Given entries »

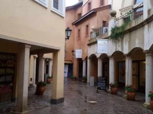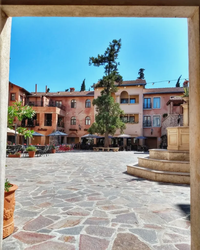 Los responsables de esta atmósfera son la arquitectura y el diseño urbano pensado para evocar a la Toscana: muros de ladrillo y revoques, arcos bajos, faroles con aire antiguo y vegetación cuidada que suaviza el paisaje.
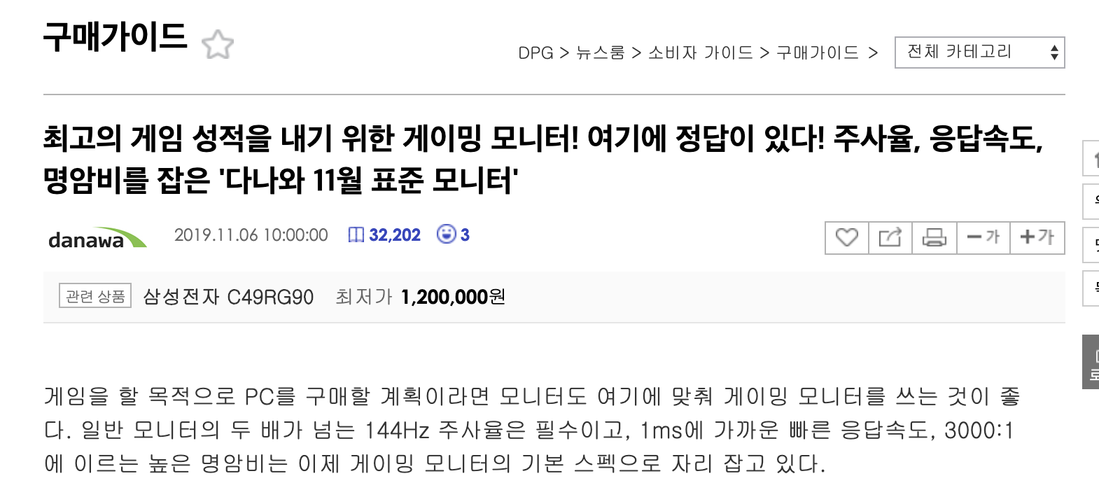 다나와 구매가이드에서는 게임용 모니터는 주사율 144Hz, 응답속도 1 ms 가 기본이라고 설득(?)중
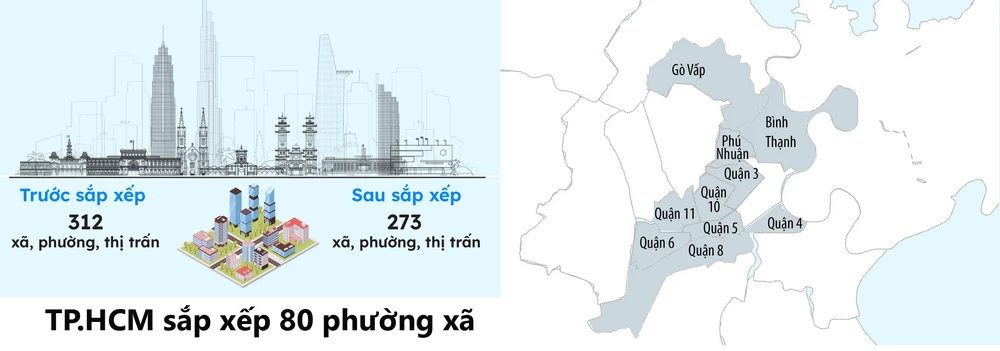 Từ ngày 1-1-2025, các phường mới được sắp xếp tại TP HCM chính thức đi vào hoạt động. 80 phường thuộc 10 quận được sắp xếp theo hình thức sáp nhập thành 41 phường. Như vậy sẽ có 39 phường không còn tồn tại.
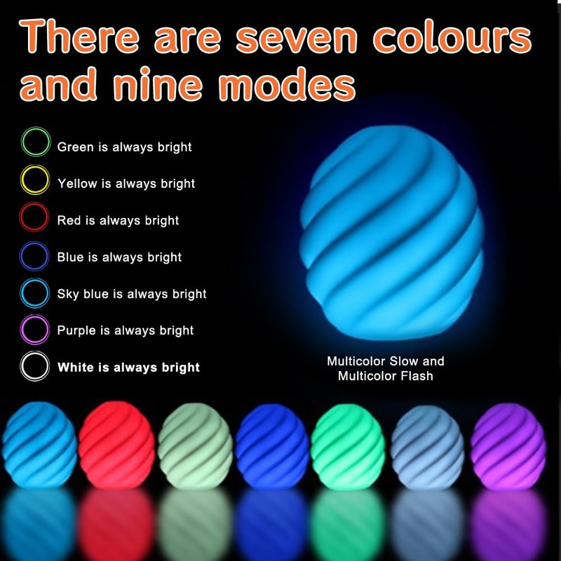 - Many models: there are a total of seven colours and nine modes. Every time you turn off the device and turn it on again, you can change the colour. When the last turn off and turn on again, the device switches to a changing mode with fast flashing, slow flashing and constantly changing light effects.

==

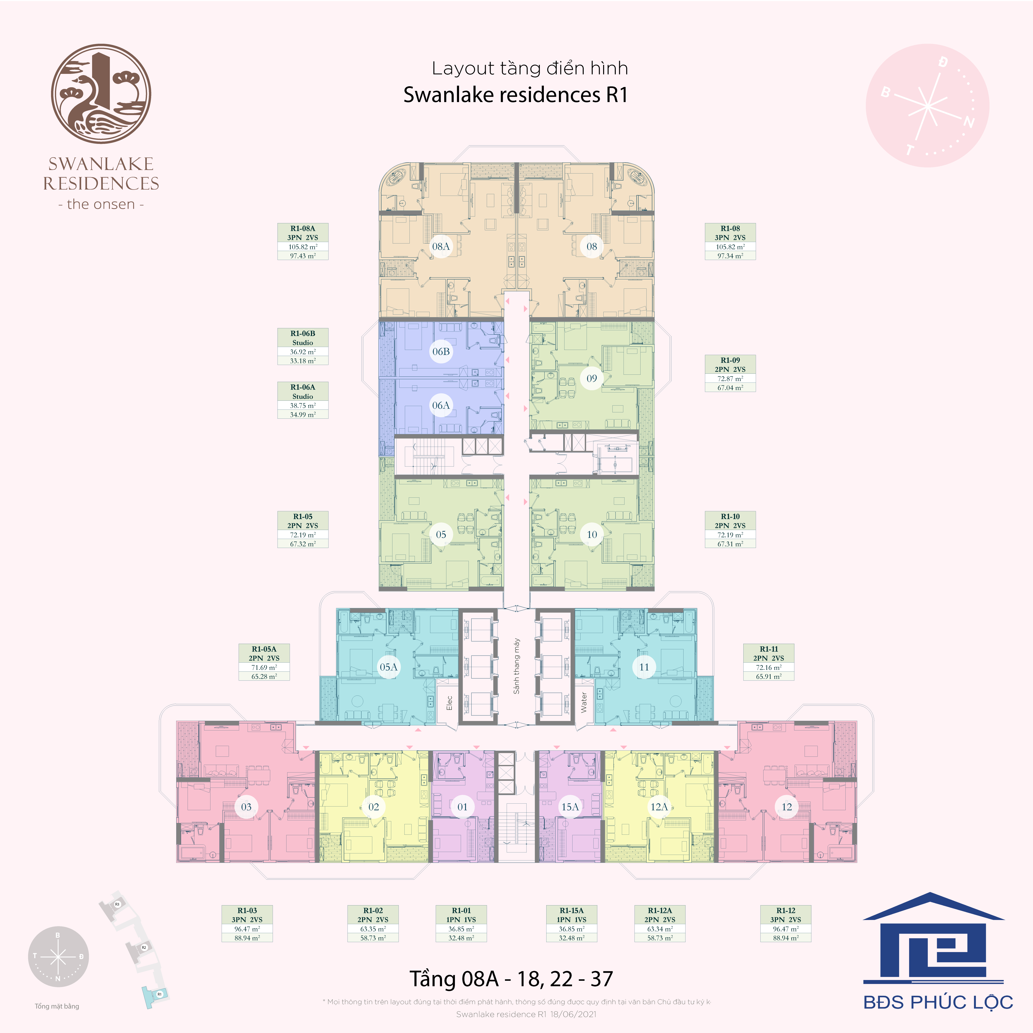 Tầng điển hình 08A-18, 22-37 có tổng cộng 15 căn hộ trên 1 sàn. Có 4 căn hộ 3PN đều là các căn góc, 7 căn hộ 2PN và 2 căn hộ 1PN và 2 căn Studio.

Exercise objective » Output only the lines above from the one containing "다나와 구매가이드에서는 게임용" to the one containing "Từ ngày 1-1-2025, các", both included, exactly as written and with no pictures.

Task output »
 다나와 구매가이드에서는 게임용 모니터는 주사율 144Hz, 응답속도 1 ms 가 기본이라고 설득(?)중
 Từ ngày 1-1-2025, các phường mới được sắp xếp tại TP HCM chính thức đi vào hoạt động. 80 phường thuộc 10 quận được sắp xếp theo hình thức sáp nhập thành 41 phường. Như vậy sẽ có 39 phường không còn tồn tại.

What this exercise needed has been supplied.